What do you want to make?

I want to develop a performance and installation practice that asks whether embracing the precarious, and fragile position of improvisation can allow for greater human agency. My work will attempt to disrupt standard music making methods, and tools through improvisation, networks, and custom software instruments. For my final work I wish to perform a multi instrumental work that embraces the unstable nature of improvisation in software and music. I wish to put stress on my training in jazz improvisation through experimentation with custom built algorithmic instruments, as a exploration into whether improvisation can be a force for resistance against standardisation.

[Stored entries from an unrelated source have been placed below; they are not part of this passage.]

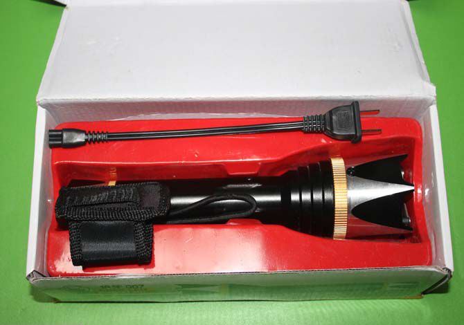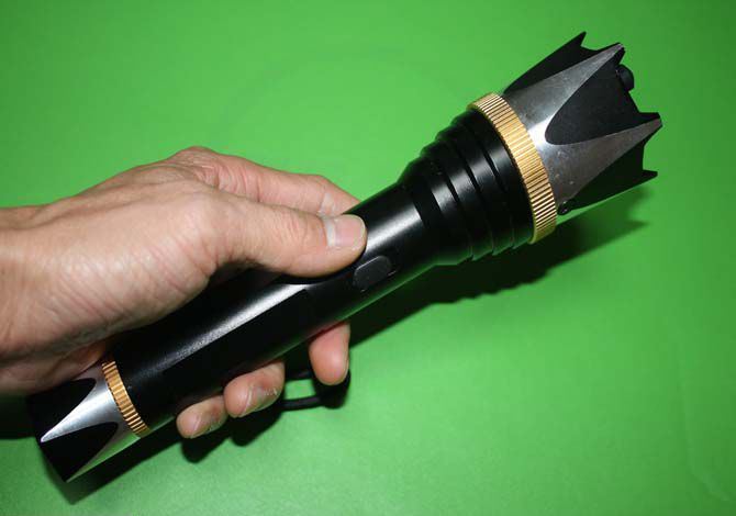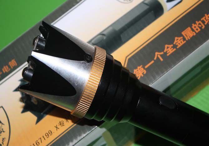 产品参数: 尺寸:长24厘米*头部直径5.5厘米*尾部直径3厘米 电压:20万伏 照明:100米左右。强光+弱光+爆闪 颜色:黑色 材质:航空铝合金材质外壳,金属防卫攻击头 灯泡:进口LED灯珠,铝合金内饰灯杯 功能:电击+z照明,可击碎钢化玻璃 电池:内置的镍氢电池 用途:适合家用防身,旅游,野营,野外探险,商务馈赠
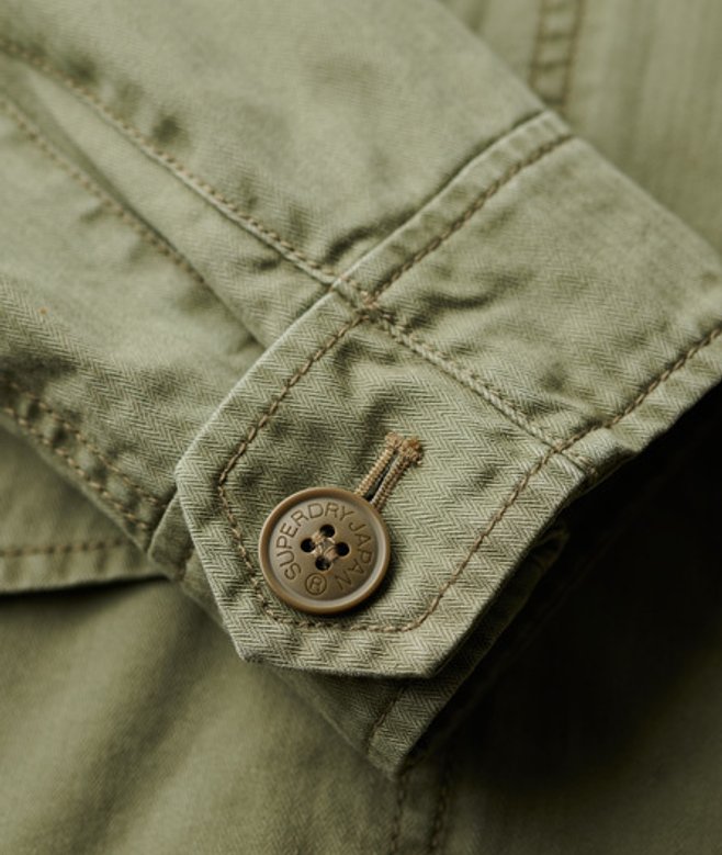 Go for your normal size Standard collar Zip and button fastening Four popper pockets Button cuffs Internal drawstring waist Internal pocket Superdry patch
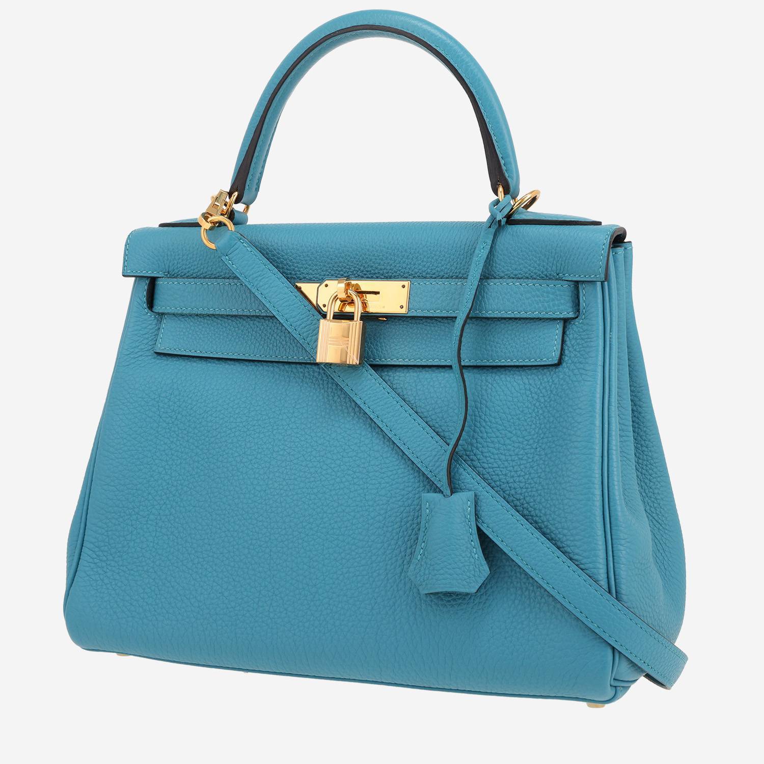 Wonderful Hermès Kelly 28 cm handbag in blue jean togo leather, hardware in gilt metal, simple handle in blue jean leather, blue jean leather removable strap to be worn accross the body allowing the bag to be worn in the hand or on the shoulder.
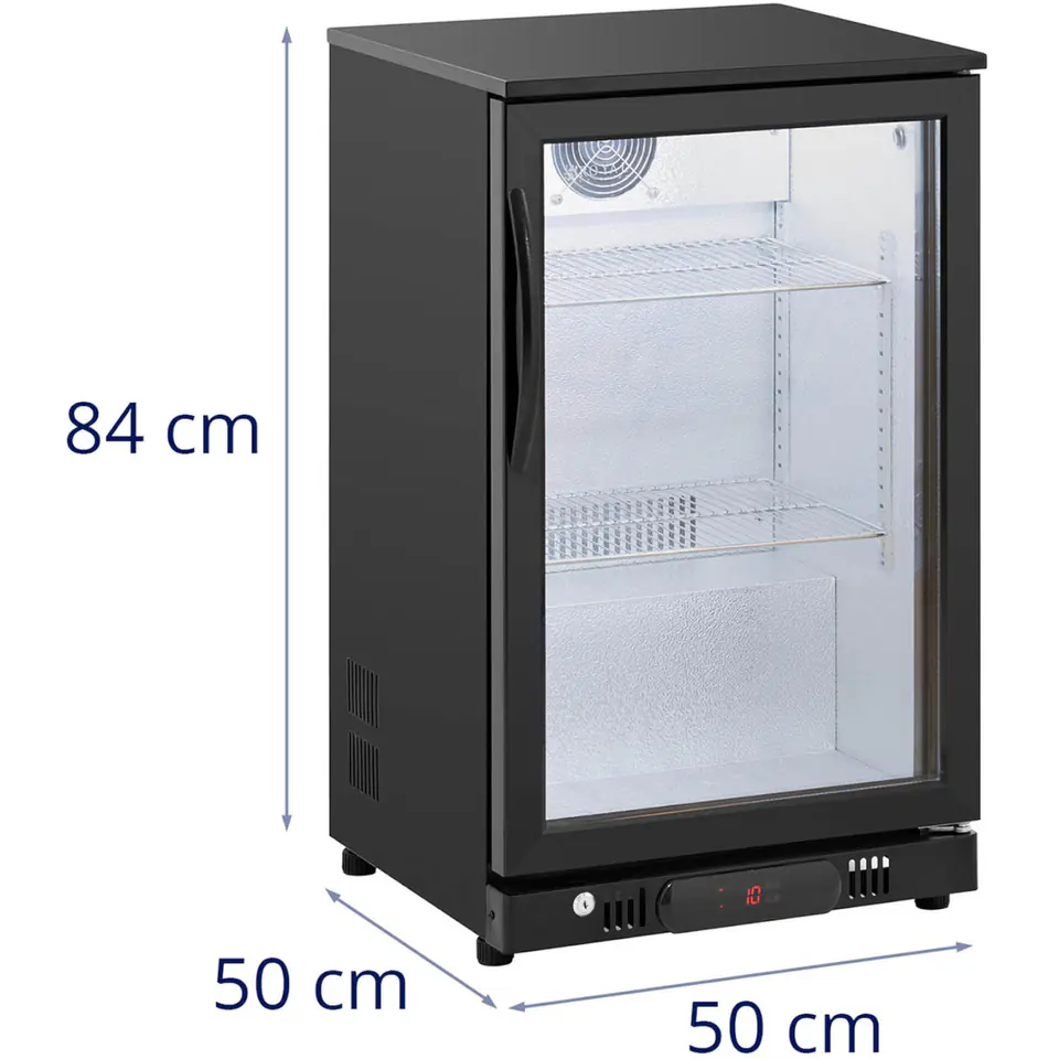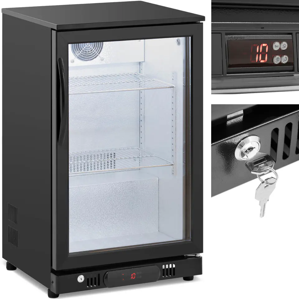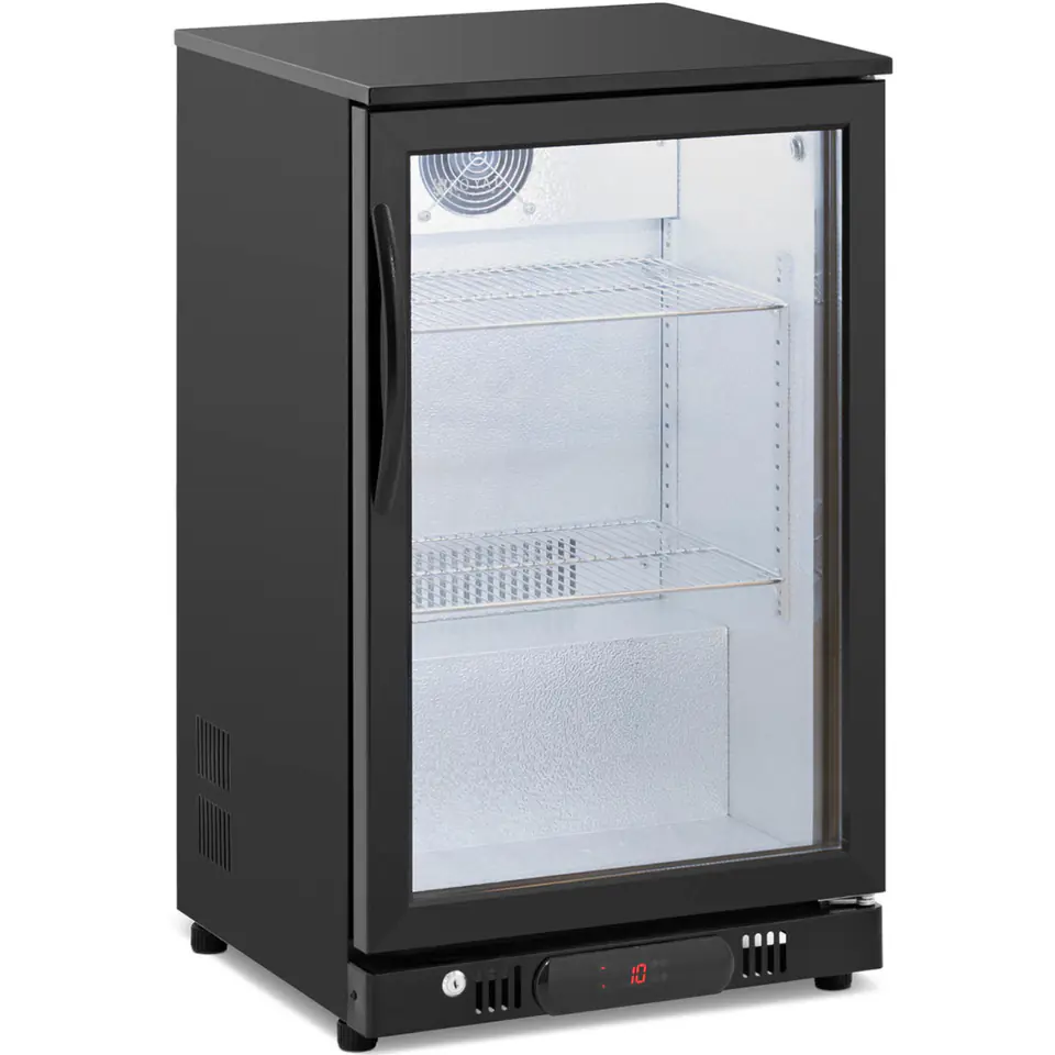 Lodówka na napoje marki Royal Catering sprawdzi się do chłodzenia wody, soków, napojów bezalkoholowych czy alkoholi. Urządzenie ma pojemność 108 l. Wyposażone zostało w 2 półki, mieszczące butelki i puszki w różnych rozmiarach. Lodówka posiada regulację temperatury w zakresie 2-10°C. Oświetlenie LED zapewnia atrakcyjną prezentację produktów. Drzwi urządzenia wykonano z dwuściennego hartowanego szkła, wyraźnie eksponują napoje, są także zamykane na klucz. Wnętrze wykonane zostało z tłoczonego aluminium a obudowa zewnętrzna ze stali malowanej proszkowo. Regulowane nóżki zapewniają stabilność nawet na nierównej powierzchni.

Why do you want to make it?

Improvisation interests me because of its immediacy, and its possibility for the unexpected. It is an act that we are not openly encouraged to explore, and the fields that perpetuate the practice are often closed and specific. In saying this however, improvisation is expressed in our daily activities. Yes like many improvisational practices, the daily events are imbued with affect that imply many of the actions. Mattin sheds light on the fragility of improvisation and suggests its essentially in an improvisational music making process. To extend this idea, I believe it is the improvisation beyond an inherent system that allows improvisators to break a standard cycle. I wonder weather outside of music, by embracing the fragility of improvisation and collaboration we can critique our ubiquitous systems in new and exciting ways, and resist the forces of standardisation and blind progress.

Music has a long history of improvisation, its roots likely formed by it. Yet too, music has a long history of standardsiation, much like language, tools were developed for its archival and dissemination. Only at very distinct times in our history can we see spikes of an improvised mainstream, which since has dwindled into a relatively fringe practice. Outside of music, one could suggest that improvisational practices exist within the DIY and Open Source software scene (to name two), which were born out of empowerment, and in some ways resistance.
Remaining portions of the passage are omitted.